:: The data ::

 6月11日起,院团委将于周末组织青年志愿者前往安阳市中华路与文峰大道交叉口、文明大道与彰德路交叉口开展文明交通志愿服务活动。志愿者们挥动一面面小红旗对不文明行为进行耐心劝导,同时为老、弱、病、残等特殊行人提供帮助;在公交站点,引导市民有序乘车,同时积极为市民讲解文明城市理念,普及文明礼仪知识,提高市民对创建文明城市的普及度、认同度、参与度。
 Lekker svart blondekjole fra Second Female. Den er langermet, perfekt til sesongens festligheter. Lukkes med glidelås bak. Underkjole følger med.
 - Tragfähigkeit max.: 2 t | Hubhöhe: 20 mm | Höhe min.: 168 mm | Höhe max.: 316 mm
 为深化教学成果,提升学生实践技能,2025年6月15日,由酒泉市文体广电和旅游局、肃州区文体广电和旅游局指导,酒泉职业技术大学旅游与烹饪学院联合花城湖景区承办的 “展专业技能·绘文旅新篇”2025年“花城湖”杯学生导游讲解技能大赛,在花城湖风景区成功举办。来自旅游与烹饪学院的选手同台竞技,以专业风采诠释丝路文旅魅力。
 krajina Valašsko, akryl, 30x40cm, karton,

:::
:: The data ::

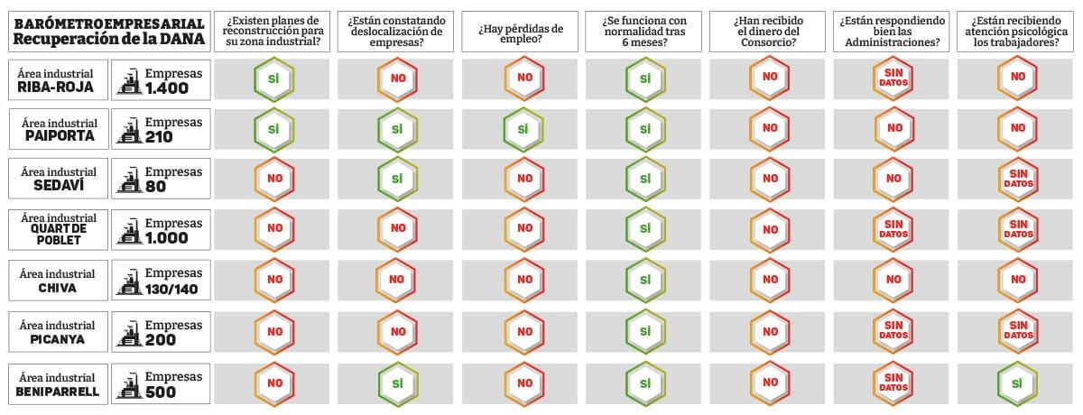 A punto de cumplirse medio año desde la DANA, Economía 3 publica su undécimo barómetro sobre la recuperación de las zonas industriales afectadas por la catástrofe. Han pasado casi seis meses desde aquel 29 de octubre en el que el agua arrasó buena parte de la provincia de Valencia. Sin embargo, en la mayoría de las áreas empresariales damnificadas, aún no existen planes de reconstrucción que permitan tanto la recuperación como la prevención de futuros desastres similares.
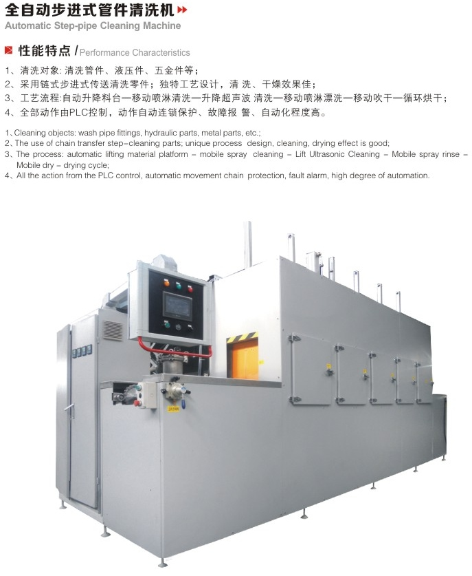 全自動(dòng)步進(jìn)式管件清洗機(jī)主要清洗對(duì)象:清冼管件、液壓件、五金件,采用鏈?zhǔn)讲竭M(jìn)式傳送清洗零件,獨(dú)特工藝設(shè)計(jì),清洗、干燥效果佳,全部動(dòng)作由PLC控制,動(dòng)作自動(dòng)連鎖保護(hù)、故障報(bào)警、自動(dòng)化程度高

:::
:: The data ::

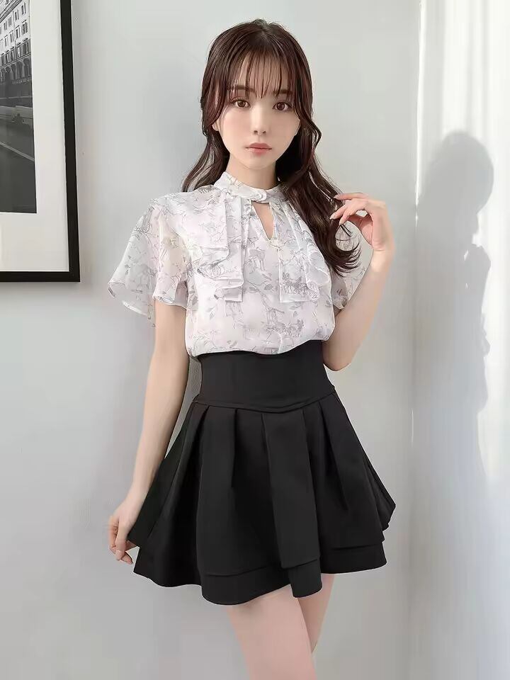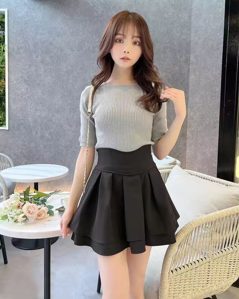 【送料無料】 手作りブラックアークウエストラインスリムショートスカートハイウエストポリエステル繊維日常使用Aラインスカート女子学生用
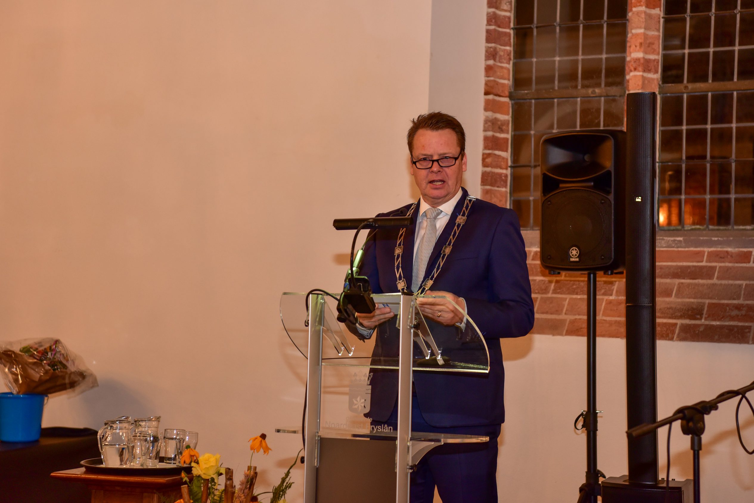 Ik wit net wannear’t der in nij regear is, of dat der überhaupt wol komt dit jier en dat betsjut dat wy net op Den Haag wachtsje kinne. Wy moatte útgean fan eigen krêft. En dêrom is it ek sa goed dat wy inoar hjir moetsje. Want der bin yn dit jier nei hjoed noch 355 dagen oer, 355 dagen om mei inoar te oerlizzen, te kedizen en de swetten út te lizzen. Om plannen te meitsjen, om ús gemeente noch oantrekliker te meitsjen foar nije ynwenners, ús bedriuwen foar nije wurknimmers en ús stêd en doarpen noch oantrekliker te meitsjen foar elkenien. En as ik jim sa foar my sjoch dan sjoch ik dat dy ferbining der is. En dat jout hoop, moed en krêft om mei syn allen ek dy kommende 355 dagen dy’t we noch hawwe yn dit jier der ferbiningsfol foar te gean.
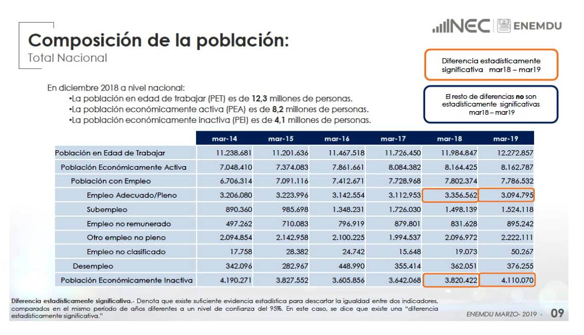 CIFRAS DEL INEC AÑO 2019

:::

## Your assignment
Within the material above, transcribe exactly the lines that run from the line holding "6月11日起,院团委将于周末" through the line holding "为深化教学成果,提升学生实践".

## Result below
 6月11日起,院团委将于周末组织青年志愿者前往安阳市中华路与文峰大道交叉口、文明大道与彰德路交叉口开展文明交通志愿服务活动。志愿者们挥动一面面小红旗对不文明行为进行耐心劝导,同时为老、弱、病、残等特殊行人提供帮助;在公交站点,引导市民有序乘车,同时积极为市民讲解文明城市理念,普及文明礼仪知识,提高市民对创建文明城市的普及度、认同度、参与度。
 Lekker svart blondekjole fra Second Female. Den er langermet, perfekt til sesongens festligheter. Lukkes med glidelås bak. Underkjole følger med.
 - Tragfähigkeit max.: 2 t | Hubhöhe: 20 mm | Höhe min.: 168 mm | Höhe max.: 316 mm
 为深化教学成果,提升学生实践技能,2025年6月15日,由酒泉市文体广电和旅游局、肃州区文体广电和旅游局指导,酒泉职业技术大学旅游与烹饪学院联合花城湖景区承办的 “展专业技能·绘文旅新篇”2025年“花城湖”杯学生导游讲解技能大赛,在花城湖风景区成功举办。来自旅游与烹饪学院的选手同台竞技,以专业风采诠释丝路文旅魅力。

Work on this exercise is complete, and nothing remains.